You are viewing a plain text version of this content. The canonical link for it is here.

Posted to common-user@hadoop.apache.org by amit handa <am...@gmail.com> on 2009/04/07 16:54:18 UTC

Handling Non Homogenous tasks via Hadoop

Hi,

Is there a way I can control number of tasks that can be spawned on a
machine based on the machine capacity and how loaded the machine already is
?

My use case is as following:

I have to perform task 1,task2,task3 ...task n .
These tasks have varied CPU and memory usage patterns.
All tasks of type task 1,task3 can take 80-90%CPU and 800 MB of RAM.
All type of tasks task2 take only 1-2% of CPU and 5-10 MB of RAM

How do i model this using Hadoop ? Can i use only one cluster for running
all these type of tasks ?
Shall I use different hadoop clusters for each tasktype , if yes, then how
do i share data between these tasks (the data can be few MB to few GB)

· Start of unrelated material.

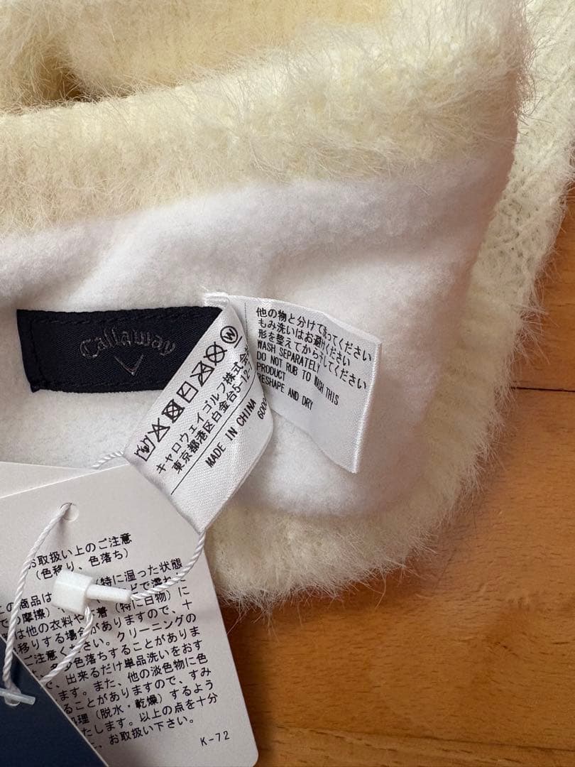 新品タグ付Callaway ホワイトモヘアニット帽 ビジュー付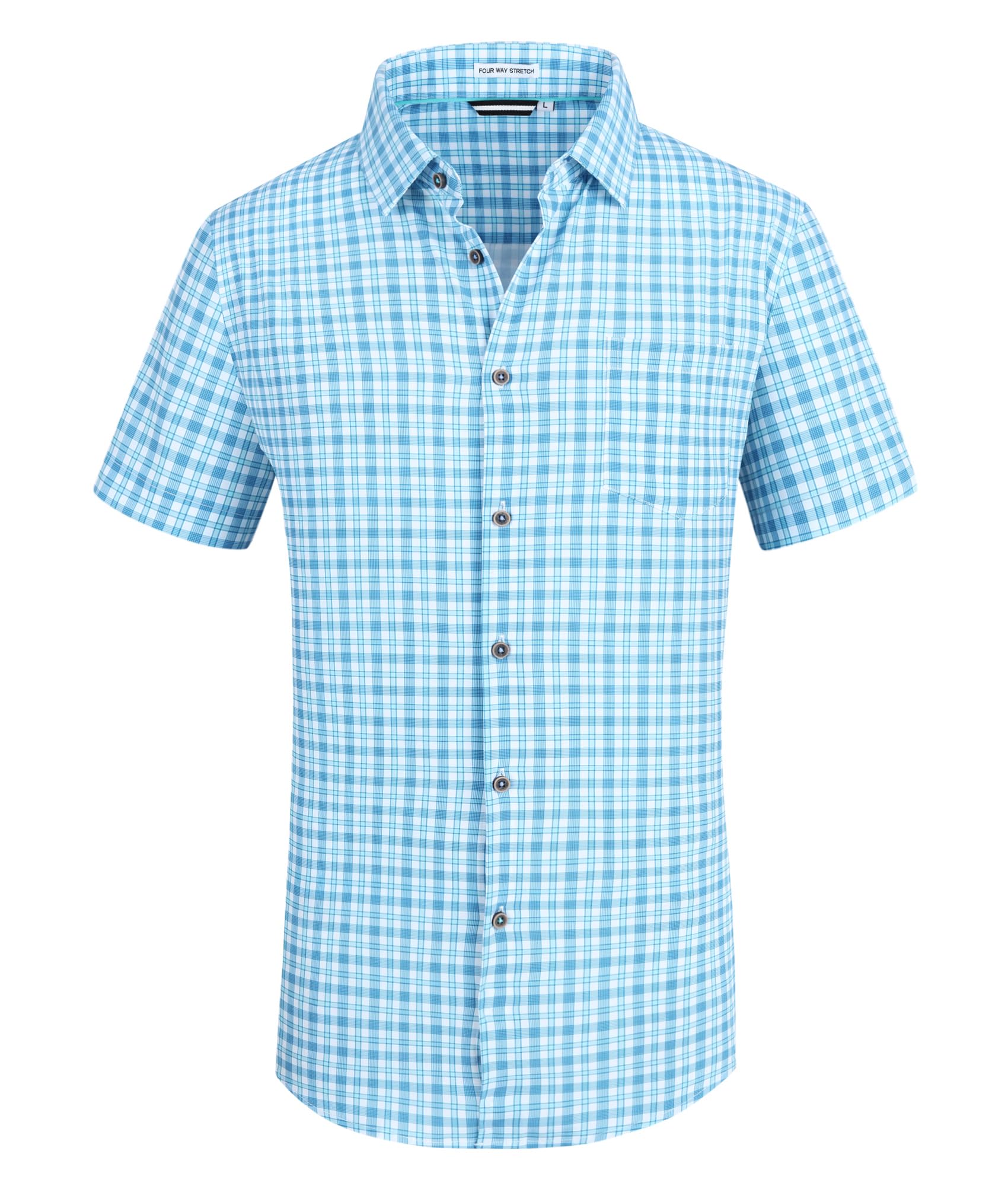 Alex Vando Mens Button Down Shirts Wrinkle Free 4-Way Stretch Short Sleeve Business Casual Shirt

Please suggest or point to any docs which i can dig up.

Thanks,
Amit

Re: Handling Non Homogenous tasks via Hadoop

Posted by amit handa <am...@gmail.com>.

Thanks Aaron.

On Wed, Apr 8, 2009 at 12:00 AM, Aaron Kimball <aa...@cloudera.com> wrote:

> Amit,
>
> The mapred.tasktracker.map.tasks.maximum and
> mapred.tasktracker.reduce.tasks.maximum properties can be controlled on a
> per-host basis in their hadoop-site.xml files. With this you can configure
> nodes with more/fewer cores/RAM/etc to take on varying amounts of work.
>
> There's no current mechanism to provide feedback to the task scheduler,
> though, based on actual machine utilization in real time.
>
> - Aaron
>
>
> On Tue, Apr 7, 2009 at 7:54 AM, amit handa <am...@gmail.com> wrote:
>
> > Hi,
> >
> > Is there a way I can control number of tasks that can be spawned on a
> > machine based on the machine capacity and how loaded the machine already
> is
> > ?
> >
> > My use case is as following:
> >
> > I have to perform task 1,task2,task3 ...task n .
> > These tasks have varied CPU and memory usage patterns.
> > All tasks of type task 1,task3 can take 80-90%CPU and 800 MB of RAM.
> > All type of tasks task2 take only 1-2% of CPU and 5-10 MB of RAM
> >
> > How do i model this using Hadoop ? Can i use only one cluster for running
> > all these type of tasks ?
> > Shall I use different hadoop clusters for each tasktype , if yes, then
> how
> > do i share data between these tasks (the data can be few MB to few GB)
> >
> > Please suggest or point to any docs which i can dig up.
> >
> > Thanks,
> > Amit
> >
>

Re: Handling Non Homogenous tasks via Hadoop

Posted by Aaron Kimball <aa...@cloudera.com>.

Amit,

The mapred.tasktracker.map.tasks.maximum and
mapred.tasktracker.reduce.tasks.maximum properties can be controlled on a
per-host basis in their hadoop-site.xml files. With this you can configure
nodes with more/fewer cores/RAM/etc to take on varying amounts of work.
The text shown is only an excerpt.